PHP To Retrieve PostGIS Geography Types

2019-07-28 07:15发布

问题:

I have a PostGIS database with a geography column. I'd like to be able to use PHP to SELECT the geography so then I could run another query using ST_Distance to get the distance between the points. However, when I run

SELECT geog from locations;

I get a weird value of 6 instead of the HEX output (something like 0101000020E6100000C442AD69DEAD5740575BB1BFEC6E3D40 is what I'm expecting).
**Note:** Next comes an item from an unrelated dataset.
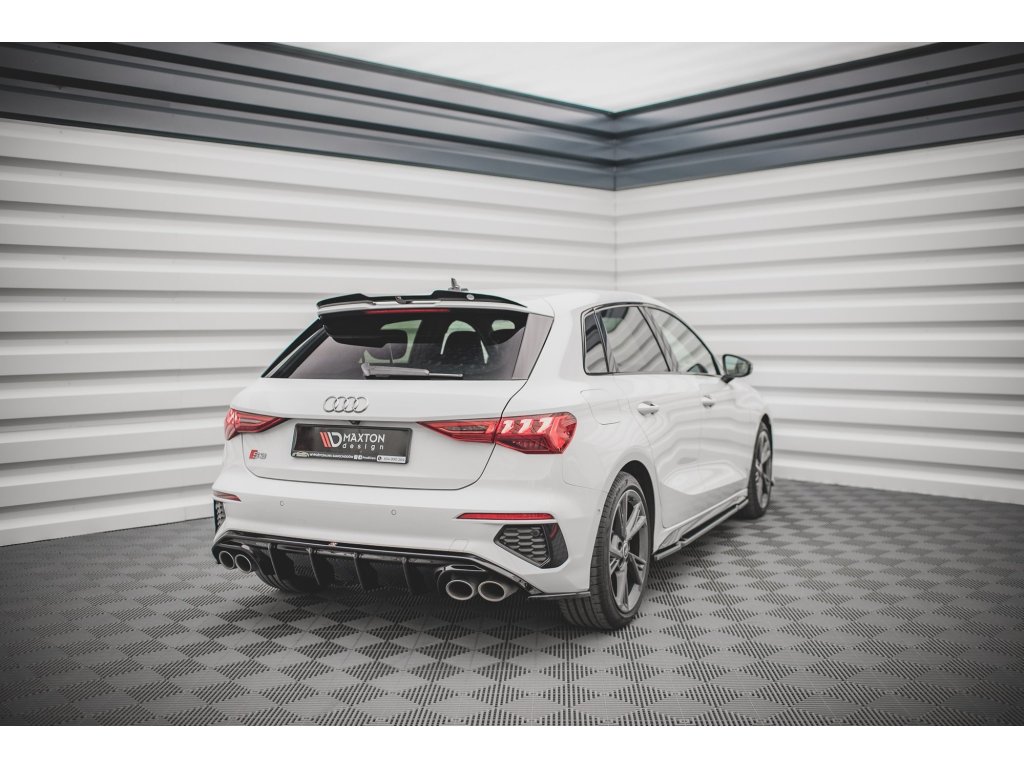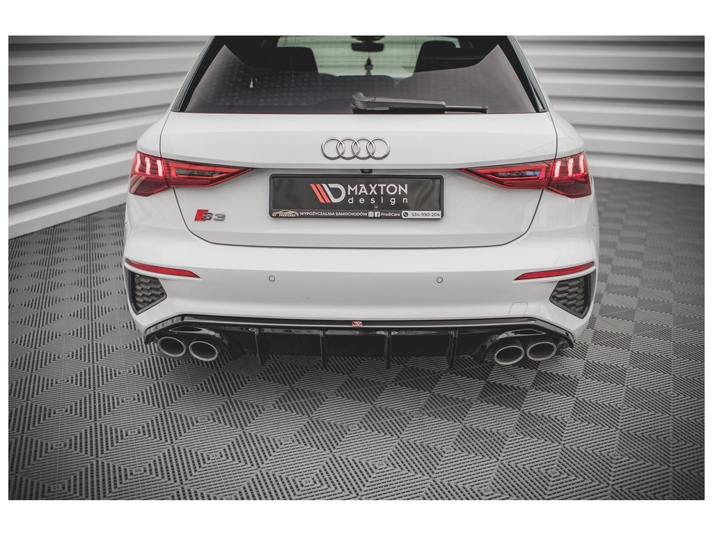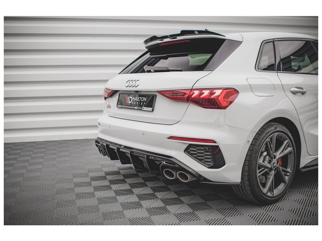 Maxton Design vložka zadního nárazníku pro vozidlo Audi S3 8Y . Povrchová úprava spoileru černý lesklý plast ABS.

When I use the same query in phpPgAdmin I get the expected output, but not from my PHP script :(

I'd really appreciate any help :)

Thank you,

elshae

EDIT

$locations_result = @pg_query($DBConnect, "SELECT geog from locations;");

    if (!$locations_result) {
        echo "An error occurred upon getting data from the locations table.\n";
        exit;
    }
    $i = 0;
    while ($locations_arr = pg_fetch_row($locations_result)) {

        $locations['location'][$i] = $locations_arr[0];

                echo $locations['location'][$i];
        $i++;
    }

EDIT2 So now I am trying to select the geography right into the ST_Distance function so that it can just get the geography result directly, something like:

SELECT ST_Distance(geog_a, geog_b) FROM(SELECT geog AS geog_a FROM location WHERE id=123 UNION SELECT geog AS geog_b FROM location WHERE id=345);

But my SQL syntax is wrong and I have yet to figure out how I can get the result I'm aiming for. The UNION is putting these values into one column, which is what I have already. Instead I need something like:

geog_a |geog_b
----------------
hdsklgh|shfksh

回答1:

Is it the wkb-format you want?

select ST_AsWKB('geog') from locations

But why do you want to pull out the data first to do the distance-calculation?

/Nicklas

Update

Ok

I don't know why you don't get a proper result on your queries. I am too bad in php. I would guess that the result by some reason is pushed into some data type that is not the right. I mean from ST_AsText you should just get a string, nothing more strange than that.

But to get your distance you shouldn't pull out the points. You do a self join to do that. That is what you do all the time when using PostGIS and comparing different geometries in one single table.

Let's say the first geography has id=1 and the second has id=2 the query could be something like:

SELECT ST_Distance(a.the_geog, b.the_geog) as dist 
from locations a, locations b WHERE a.id=1 and b.id = 2;

If you want the distance to all points (or whatever it is) from point with id=1 you could write:

SELECT  ST_Distance(a.the_geog, b.the_geog) as dist
from locations a inner join locations b on a.id != b.id WHERE a.id=1;

and so on.

That will be very much more effective.